Carol objects to the ALJ's analysis of Dr. Weckerle's opinion as improperly finding that Carol's ability to concentrate during appointments suggested an ability to concentrate in a fulltime work setting. As an initial matter, Carol cited no caselaw in support of this argument, so it may be deemed forfeited. Robert S. v. Kijakazi, 2022 WL 45036, at *9 (N.D. Ill. Jan. 5. 2022). Even if not forfeited, this argument fails. It is true that the ability to “pay attention in the doctor's office and thus in the context of a structured, relatively short mental health examination” is “an altogether different environment than a full day at a competitive workplace with sustained demands.” Crump v. Saul, 932 F.3d 567, 571 (7th Cir. 2019). However, an ALJ is not prohibited from considering a claimant's ability to concentrate during appointments as one part of her supportability analysis. Contrary to Carol's suggestion, the ALJ did not improperly equate her ability to concentrate at regular medical appointments with an ability to perform full-time work. Rather, the ALJ considered Carol's ability to concentrate during medical appointments as just one among many factors she gave to support her analysis of Carol's ability to sustain attention and concentration. As discussed, regarding Carol's ability to sustain concentration, the ALJ properly noted that mental status exams had shown intact cognition, orientation, thought processes, attention, concentration, and memory. (R. 18, 19). The ALJ further noted that Carol had the capacity for concentration to: do some work until October 29, 2020, ten months after her alleged onset date; drive regularly; handle finances with some limitations but an ability to count change and shop; tend to personal care and do some household cleaning chores; prepare food; go out alone without becoming lost or confused; use a computer to shop on the internet; read and watch television programs, including science shows; feed her cat on a regular schedule; receive, read, compose, and send texts and emails; do some sewing; and participate in the hearing and focus, answer questions appropriately, and provide information. Id.

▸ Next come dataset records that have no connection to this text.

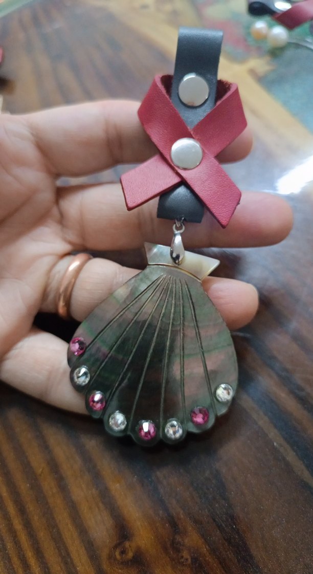 Koyu pembe fiyonk detaylı, baskılı desenli Gerçek Deniz ürünleri Kabuk şeklinde, taş süslemeli Türkiye de tek yapılan üründür..Genelde Belediye başkanı vb kişilere hediye verilir..
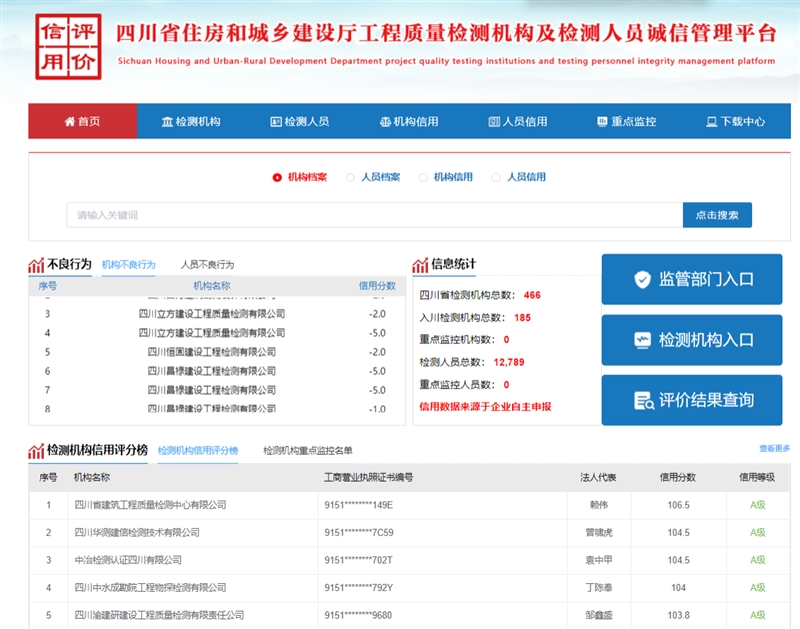 檢測(cè)機(jī)構(gòu)信用評(píng)分排名是四川省住房和城鄉(xiāng)建設(shè)廳對(duì)全省工程質(zhì)量檢測(cè)機(jī)構(gòu)及檢測(cè)人員誠信行為進(jìn)行全面評(píng)估的結(jié)果。四川渝建研公司憑借在檢測(cè)技術(shù)實(shí)力、服務(wù)質(zhì)量、誠信經(jīng)營等方面的優(yōu)異表現(xiàn)成功躍居榜單前五,彰顯了在工程質(zhì)量檢測(cè)行業(yè)的領(lǐng)先地位和卓越信譽(yù)。
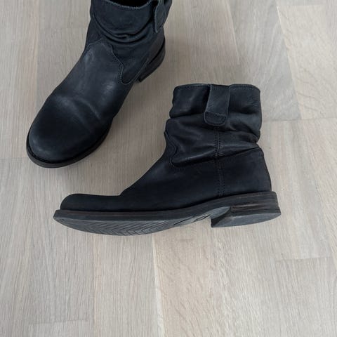 Buffalo London nahkaiset mustat nilkkurit, koko 39. Nilkkureissa on matala varsi ja korko, sivulla kullansävyinen solki. Vetoketju.
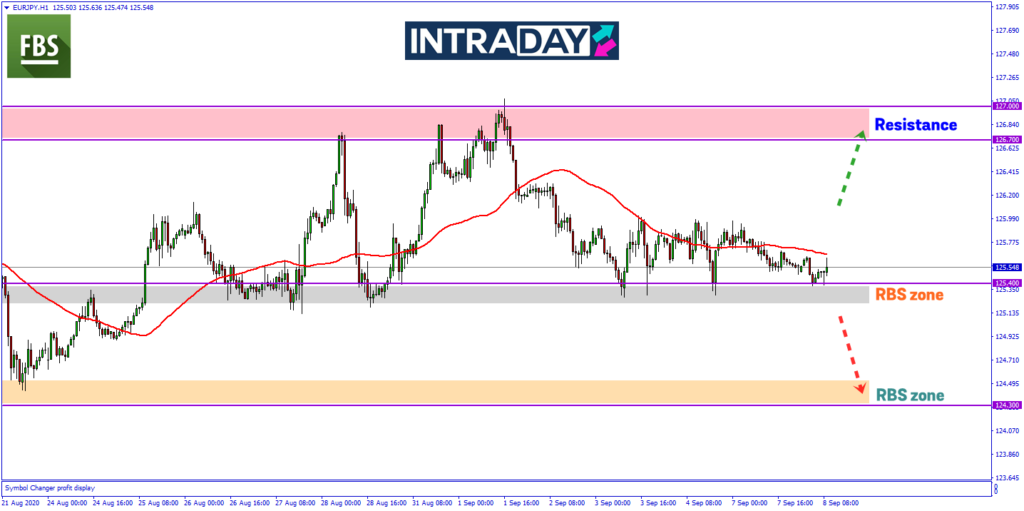 Jika penurunan berjaya diteruskan menembusi zon tersebut, harga dijangka akan menuju zon support pada 124.300.
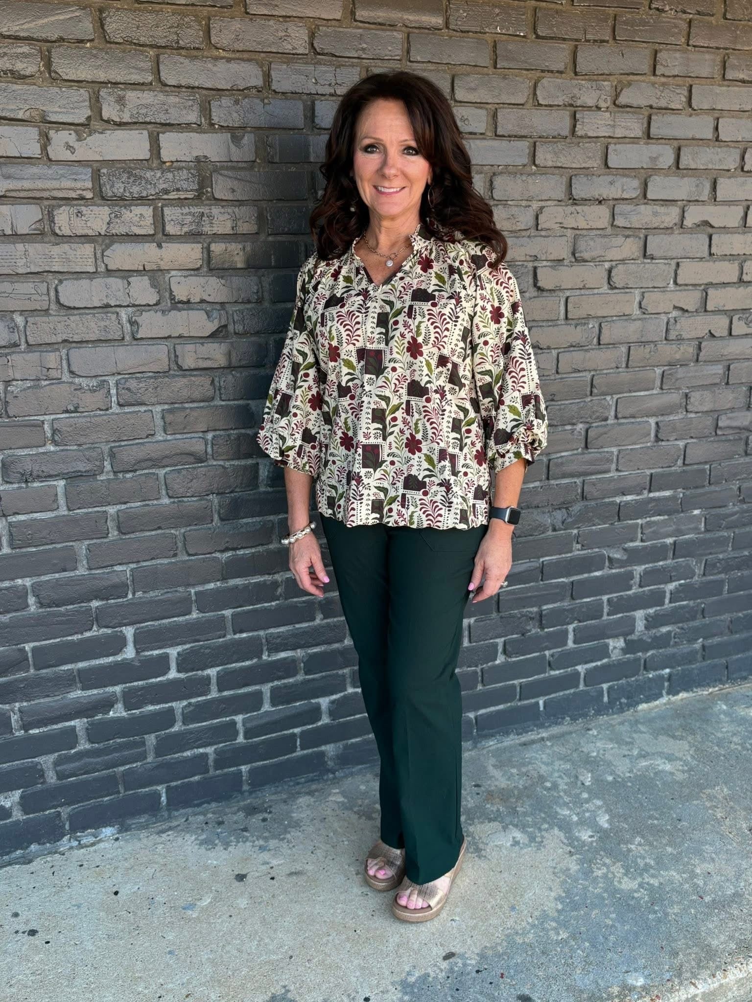This great fitting, fabulous feeling pull on pant by Counterparts is a perfect fall wardrobe staple! Comfortable 2” waistband. Cute front side pockets. Smooth back. Straight leg. Available in two great colors for fall: hunter green and charcoal gray. Small-XL. True fit. Medium shown here. Medium measures 39” waist to hem.

Moreover, the state agency psychological consultants' findings substantially support the ALJ's conclusion regarding Dr. Weckerle's attention and concentration opinion. The psychological consultants reviewed the medical record and found Carol had mild limitations in concentration, persistence, and pace. Despite these limitations, the psychological consultants concluded that Carol retained the ability to perform full-time work with no limitations in maintaining attention and concentration. Again, the ALJ properly found their opinions persuasive because they were consistent with and supported by the record. Because the ALJ did not rely on Carol's ability to concentrate at appointments as the sole support for rejection of Dr. Weckerle's attention and concentration opinion, the ALJ did not err. Substantial evidence supports the ALJ's finding that Carol's ability to adequately concentrate at appointments was not entirely consistent with Dr. Weckerle's opinion that Carol's symptoms frequently interfered with the attention and concentration needed to perform even simple work tasks.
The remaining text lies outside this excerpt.